Bab Penyakit Nabi dan Kematian-Nya
Shahih
haddatsana ismailu, qala haddatsani sulaymanu ibnu bilalin, haddatsana hisyamu ibnu urwaha, akhbarani abi, an aisyaha rdh allah nh anna rasula allahi kana yasalu fi maradhihi adzi mata fihi yaqula " ayna ana ghadan ayna ana ghadan " yuridu yawma aisyaha, faadzina lahu azwajuhu yakunu haytsu syaa, fakana fi bayti aisyaha hatta mata indaha, qalat aisyahu famata fi alyawmi adzi kana yaduru alaa fihi fi bayti, faqabadhahu allahu wainna rasahu labayna nahri wasahri, wakhalatha riquhu riqi tsumma qalat dakhala abdu arrahmani ibnu abi bakrin wamaahu siwakun yastannu bihi fanazhara ilayhi rasulu allahi faqultu lahu athini hadza assiwaka ya abda arrahmani. faathanihi faqadhimtuhu, tsumma madhaghtuhu faathaytuhu rasula allahi fastanna bihi wahwa mustanidun ila shadri.
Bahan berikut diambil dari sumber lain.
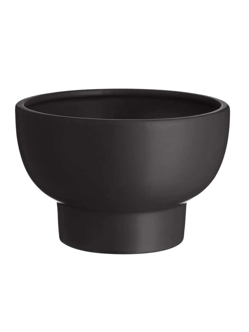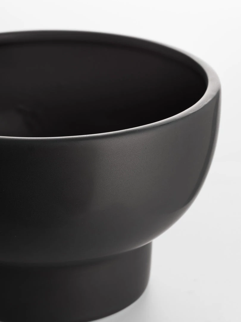 Ceramic matt black glazed pedestal bowl, smooth and tactile this bowl has a sleek silhouette, use as a planter or an alternative fruit bowl.

Diriwayatkan dari Aisyah, "Rasulullah ﷺ dalam sakitnya yang fatal, sering bertanya, 'Di mana aku besok? Di mana aku besok?', mencari giliran Aisyah. Istri-istrinya mengizinkannya untuk tinggal di mana pun ia mau. Maka ia tinggal di rumah Aisyah hingga ia wafat di sisinya." Aisyah menambahkan, "Nabi ﷺ wafat pada hari giliranku di rumahku dan ia diambil oleh Allah sementara kepalanya ada di dadaku dan air liurnya bercampur dengan air liurku." Aisyah menambahkan, "Abdurrahman bin Abu Bakr masuk, membawa siwak yang ia gunakan untuk membersihkan giginya. Rasulullah ﷺ melihatnya dan aku berkata kepadanya, 'Wahai Abdurrahman! Berikan siwak ini kepadaku.' Maka ia memberikannya kepadaku dan aku memotongnya, mengunyahnya (ujungnya) dan memberikannya kepada Rasulullah ﷺ yang membersihkan giginya dengan itu sementara ia bersandar di dadaku."